Er, what's the problem?


The problem is the sead heads - they are itchy. According to the
supplier it should only sead for a few weeks each year, which is
exactly what it did last summer.

I have read elsewhere that they are a sign of stress - but can't work
what the lawn might be stressed about!

Hi
It may be itchy but there isn't anything you can do about it. One of the
Horticulturists at work seems to insist that any plant that is flowering
well (thus your lawn producing seed heads) is under stress, and I've heard
it elsewhere. The story being it's stressed, it may die, so it's trying to
reproduce. I have seen plants in poor condition, that won't flower, so my
argument is temperature, light/light periods, and water play more of a part
in flowering than stress.
My guess is the extended warm temperatures this summer are keeping it
producing seed heads.
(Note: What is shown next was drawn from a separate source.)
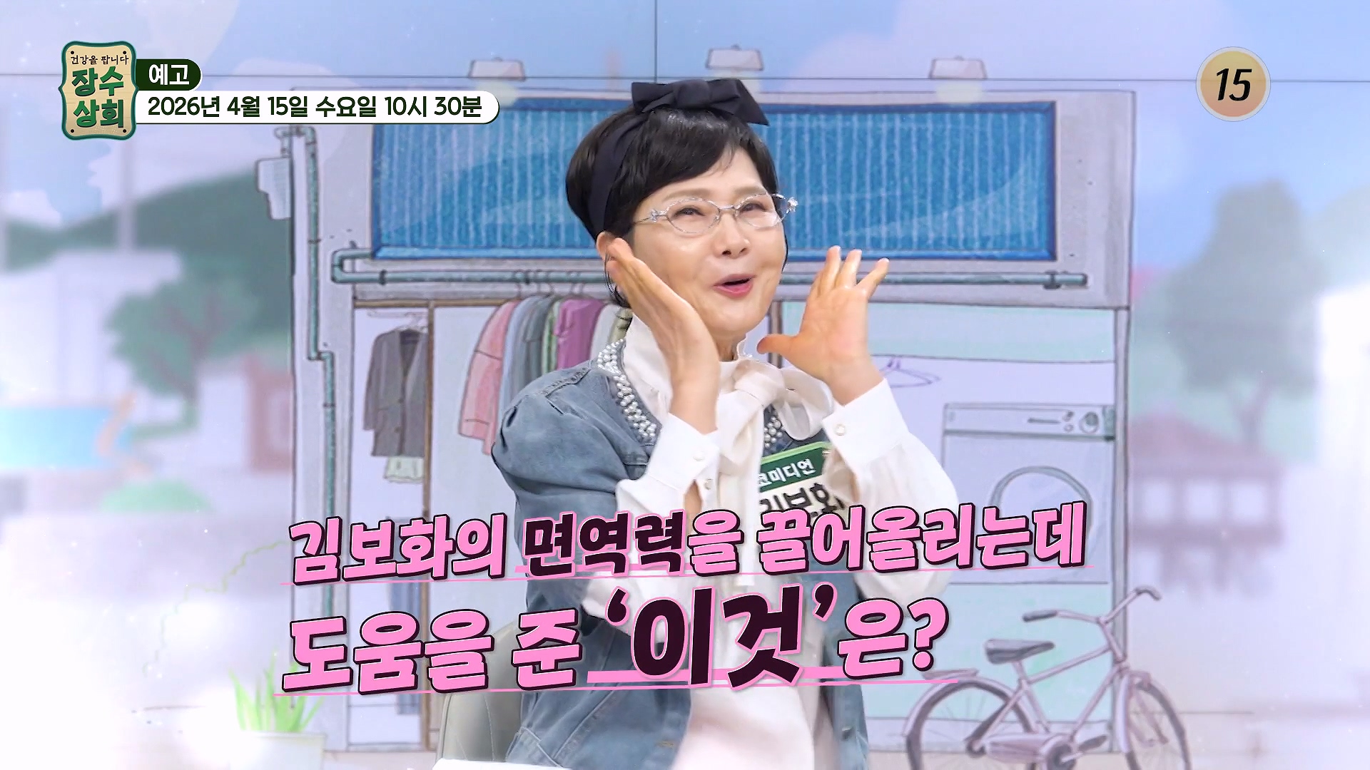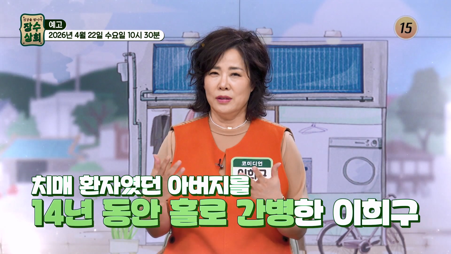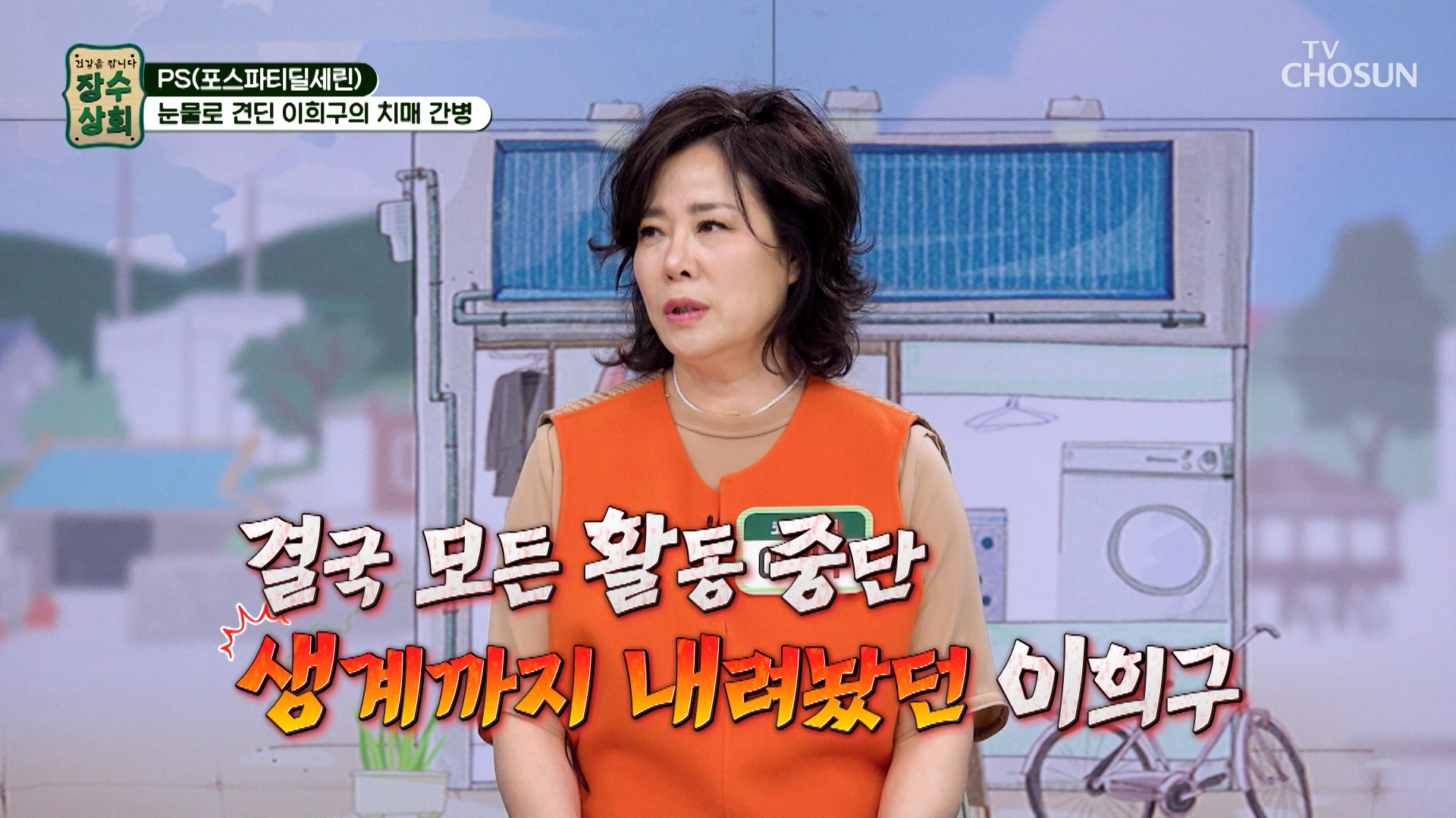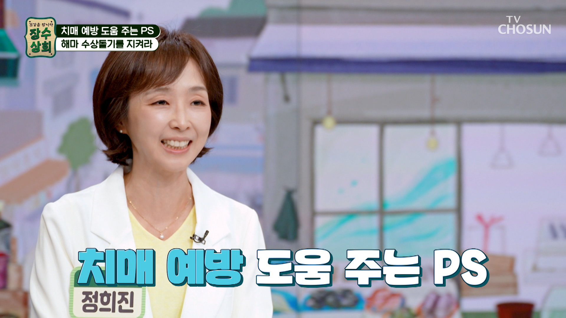 장수상회 프로그램 홈 스크랩 Loadingbar 로그인 후서비스 이용해 주세요. 로그인 지금은 시청할 수 없는 영상입니다.양해 부탁드립니다. 새로고침 이동통신망(5G/LTE 등)으로 재생 시데이터 통화료가 발생할 수 있습니다. 확인 ! 영상시청안내 설치/이용 중이신 AdBlock 솔루션으로 인해동영상 재생이 차단되었습니다. TV조선의 광고 노출을 허용해 주세요. 15 15세 미만은 시청할 수 없습니다. 장수상회 방송일 2026.04.22 장수상회 172회 스크랩 공유하기 공유 닫기 카카오톡 페이스북 트위터 URL 복사 코미디언 이희구의 뇌 건강 비결이 공개된다. 더보기 무제한 이용권 월 6,600원 재생목록 클립 댓글 정보 총 172개 최신회차 과거회차 많이보는회차 전체년도 2026 2025 2024 2023 2022 검색 장수상회 시청중 장수상회 172회 코미디언 이희구의 뇌 건강 비결이 공개된다. 방송일 2026.04.22(수) 1시간 36분 장수상회 장수상회 171회 코미디언 김보화의 건강법이 공개된다. 방송일 2026.04.15(수) 1시간 36분 장수상회 장수상회 170회 배우 김혜정의 혈당 관리법이 공개된다. 방송일 2026.04.08(수) 1시간 36분 장수상회 장수상회 169회 배우 서권순의 넘치는 활력의 비결이 공개된다. 방송일 2026.04.01(수) 1시간 36분 장수상회 장수상회 168회 건강한 수분 섭취법이 공개된다. 방송일 2026.03.25(수) 1시간 36분 장수상회 장수상회 167회 장미화의 폐 건강 비결이 공개된다. 방송일 2026.03.18(수) 1시간 35분 장수상회 장수상회 166회 국민 배우 사미자의 건강 비결이 공개된다. 방송일 2026.03.11(수) 1시간 36분 장수상회 장수상회 165회 김기현 & 손영화 부부의 건강법이 공개된다. 방송일 2026.03.04(수) 1시간 36분 장수상회 장수상회 164회 홍여진의 독소 배출법이 공개된다. 방송일 2026.02.25(수) 1시간 36분 장수상회 장수상회 163회 국민가수 현숙의 건강 비결이 공개된다. 방송일 2026.02.18(수) 1시간 36분 검색 결과가 없습니다. 검색 초기화 1 2 3 4 5 6 7 8 9 10 다음 마지막으로 총 602개 최신회차 과거회차 많이보는회차 전체회차 172화 171화 170화 169화 168화 167화 166화 165화 164화 163화 162화 161화 160화 159화 158화 157화 156화 155화 154화 153화 152화 151화 150화 149화 148화 147화 146화 145화 144화 143화 142화 141화 140화 139화 138화 137화 136화 135화 134화 133화 132화 131화 130화 129화 128화 127화 126화 125화 124화 123화 122화 121화 120화 119화 118화 117화 116화 115화 114화 113화 112화 111화 110화 109화 108화 107화 106화 105화 104화 103화 102화 101화 100화 99화 98화 97화 96화 95화 94화 93화 92화 91화 90화 89화 88화 87화 86화 85화 84화 83화 82화 81화 80화 79화 78화 77화 76화 75화 74화 73화 72화 71화 70화 69화 68화 67화 66화 65화 64화 63화 62화 61화 60화 59화 58화 57화 56화 55화 54화 53화 52화 51화 50화 49화 48화 47화 46화 45화 44화 43화 42화 41화 40화 39화 38화 37화 36화 35화 34화 33화 32화 31화 30화 29화 28화 27화 26화 25화 24화 23화 22화 21화 20화 19화 18화 17화 16화 15화 14화 13화 12화 11화 10화 9화 8화 7화 6화 5화 4화 3화 2화 1화 검색 💙포스파티딜세린💙 뇌 기능 활성도 UP❣ 치매 가속 페달은 브레이크💥 TV CHOSUN 260422 방송 172회 방송일 2026.04.22(수) 치매 가족력👨👩👧 중증 치매가 온 아버지 간병 중👴 찾아온 어머니의 치매👵💧 TV CHOSUN 260422 방송 172회 방송일 2026.04.22(수) 치매 환자였던 아버지를 14년 동안 홀로 간병한 이희구_장수상회 172회 예고 TV CHOSUN 260422 방송 172회 방송일 2026.04.22(수) 💛알부민💛 노폐물 청소하고🧹 영양소를 빠르게 운반해 주는 컨트롤 타워🗼 TV CHOSUN 260415 방송 171회 방송일 2026.04.15(수) 전 세계를 강타한💥 무시무시한 바이러스에 맞설 열쇠🗝️ 면역력 TV CHOSUN 260415 방송 171회 방송일 2026.04.15(수) 활기찬 에너지가 샘솟는 코미디계의 전설 김보화의 건강 비결!_장수상회 171회 예고 TV CHOSUN 260415 방송 171회 방송일 2026.04.15(수) 근육이 줄어들면💪 당뇨병 위험도가 함께 오른다고?😱 TV CHOSUN 260408 방송 170회 방송일 2026.04.08(수) ☕흑염소 진액☕ 당뇨 가족력 극복한 김혜정의 혈당 관리법😤 TV CHOSUN 260408 방송 170회 방송일 2026.04.08(수) 배우 김혜정의 특별한 건강 비결_장수상회 170회 예고 TV CHOSUN 260408 방송 170회 방송일 2026.04.08(수) 노년기 삶을 위협하는 대상포진💥 원인은 면역력 저하❓😨 TV CHOSUN 260401 방송 169회 방송일 2026.04.01(수) 🌟알부민🌟 최강 동안🎀 서권순의 기력 & 활력 충전 비법⚡ TV CHOSUN 260401 방송 169회 방송일 2026.04.01(수) 생명을 위협하는 뇌부종, 폐부종의 위험 신호_장수상회 169회 예고 TV CHOSUN 260401 방송 169회 방송일 2026.04.01(수) 🍋레몬자몽즙🍊 뇌종양 수술 후 불어난 체중 & 염증 관리 성공한 비결✨ TV CHOSUN 260325 방송 168회 방송일 2026.03.25(수) 식물처럼🌱 사람에게도 꼭 필요한 물‼ 하지만 대한민국은 수분 부족 국가😲❓ TV CHOSUN 260325 방송 168회 방송일 2026.03.25(수) 힘든 시간을 극복할 수 있었던 그녀의 건강 비법은?_장수상회 168회 예고 TV CHOSUN 260325 방송 168회 방송일 2026.03.25(수) 🤎볶음 맥문동 진액🤎 면역력 UP↑ 폐를 촉촉하게 해💧 염증은 OUT TV CHOSUN 260318 방송 167회 방송일 2026.03.18(수) 무서운 가족력😱 폐와 목소리에 더욱 예민한👀 장미화의 건강 사수 비결 TV CHOSUN 260318 방송 167회 방송일 2026.03.18(수) 촉촉

We have the odd azalea at work still flowering, they
aren't stressed and as healthy as the others. Your extra fertilising may be
a little high in potassium keeping it flowering for longer. If it is stress
then maybe too much water, esp considering you've added a wetting agent. But
i'd go with the temperature/extended season theory.
Our fairways at work were still seeding about a week ago. The couch I have
here in the backyard is slightly but in areas of shade it isn't anymore.
Bear with it, and hopefully next summer won't be as long.